Matt and I went to breakfast together today. I took the day off because I had a ton of things to do that could only be done during the day, so we started by spending some time together. It's a big deal because we rarely see one another. Working opposite schedules is painful, but we're managing it with grace. At least, I think we are. We're making the most of the time we have together, but there are those times when I don't want to adult. I just want us to have more time together.  But today, we had a few stolen moments and it was wonderful.

We went to Herm's Inn. A local place, hidden nestled in "the island"--a neighborhood where the river runs up one side and down the other. It's tucked against the base of the mountain and only open for breakfast and lunch.


While eating, we talked about the magic of the move. Not just our recent move, but all moves. He enjoys discovering new places. He likes to find the gems and enjoy new environments. He likes to hunt down the local flavor, like Herm's, and experience new things. In short, he enjoys the adventure. He likes moving. 

I, on the other hand, hate to move. While I like to experience all the new places, I don't want to be unsettled. Anxiety and worry flood in and drown any sense of adventure I might have. When we moved here, I did pretty much everything. When our moving plans fell through, I made other plans. When we got here, I found us a place to live. I looked at houses, dealt with the realtor and mortgage broker, I do our budget. All of the business of moving is mine and while it helps with my anxiety, it also hurts it. 

But, I have to admit. I wanted to leave Texas as much as he did. I wanted to find greener pastures. I wanted to experience something new. I just wanted it to be permanent, which is ridiculous. Nothing is forever. Not even this. It has made me think, though, about all of the places I want to go since we've gotten here but haven't been able to get around to, so, I've made a local bucket list page for this blog. Maybe that way I'll be more motivated to take the adventure by the horns and enjoy it, rather than worrying about when this leg of the journey will end--a constant and unyielding problem for me. 

It's time to start enjoying it, to take a page from Matt's book. He enjoys the adventure, maybe I should try it. It seems like he's having so much more fun than am I. 

Taking the Bus

I'm taking the bus this week... for the first time ever. Before now, there was either no bus to take or no need to take one. Oh!! You know what... ?? I have ridden the bus before. I just remembered!! When I was in high school, there were a few days I ditched and took the bus from school to the mall (who puts a bus stop right in front of a high school, anyway?!). But that was more than 20 years ago. I don't think it counts. 
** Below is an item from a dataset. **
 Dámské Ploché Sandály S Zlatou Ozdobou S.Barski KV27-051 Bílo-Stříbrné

Okay, so I'm taking the bus for the first time in my adult life. There, that works. Matt's in leadership training this week, so he's taking my car. He wants to make a good impression on the corporate guys and his car is sort of beat up (and not road legal, *eh hem*). So, it leaves me out there to find my own way. I decided the bus was that way, even though my agoraphobia went a little nuts at the thought. 

So, the bus. Yeah. It's taking me about 45 minutes to get to work in the morning and home in the evenings. I don't so much enjoy the extra hour and a half commute, but I'm sort of digging the experience. In the morning, it's cool out and I get to see the town a bit. The leaves are changing and everything is gorgeous here. It's actually a really nice ride. The sort of strange part is that we only live about a 5 minute drive from work. So, the bus takes me all the way to the other side of town and then brings me back. There's no route that goes from where I am, to where I work without the round-about. 
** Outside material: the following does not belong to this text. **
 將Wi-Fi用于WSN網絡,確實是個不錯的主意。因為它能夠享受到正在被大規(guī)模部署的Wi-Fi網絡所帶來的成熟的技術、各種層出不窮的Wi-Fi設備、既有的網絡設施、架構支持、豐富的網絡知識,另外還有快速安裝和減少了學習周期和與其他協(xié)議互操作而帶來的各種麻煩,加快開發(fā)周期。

I just keep telling myself it's only for four days. But today, kind of randomly, I realized I kind of like it. I actually like riding the bus. That is the most ridiculous part. I like it. Who knew? But, I figure it'll be a bit like when I liked going to the laundromat. By the time I got my washer and dryer, I was glad I didn't have to go anymore. By the time I get my car back, I'll probably be glad I don't have to leave for work at 7:45 to make it by 8:30. Then again, it's only been two days. I may take it another two days and decide I hate it. 
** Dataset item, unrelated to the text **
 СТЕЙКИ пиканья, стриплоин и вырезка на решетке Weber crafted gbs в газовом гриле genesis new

Yesterday, I was pretty pissed that I had to take the bus. I'm not 100% comfortable with doing things that's outside of my norm--my anxiety makes it really hard to do simple things like this. Since I'd never taken the bus, I was nervous about doing it. What if I misunderstood the schedule and was late for work? What if I missed a connection? What if I stayed on the bus too long and missed my stop? What if I got motion sick? Lots of what ifs. I almost didn't go to work, which is ludicrous. My anxiety about doing something pretty normal just about kept me home. 

Today, I was much more comfortable. I got there without looking at the schedule and I felt okay about it. After work, I took the shuttle (our company has a shuttle bus) to the transit center and got there just in time to meet the route 6 bus. I got home a half an hour earlier today than yesterday. Maybe I'm getting the hang of this. I think the next two days will be pretty easy. Maybe I'll take the bus more frequently, even. Anxiety permitting. 

The parking lot next to the bus stop. Just down from our house. Beautiful in the morning!!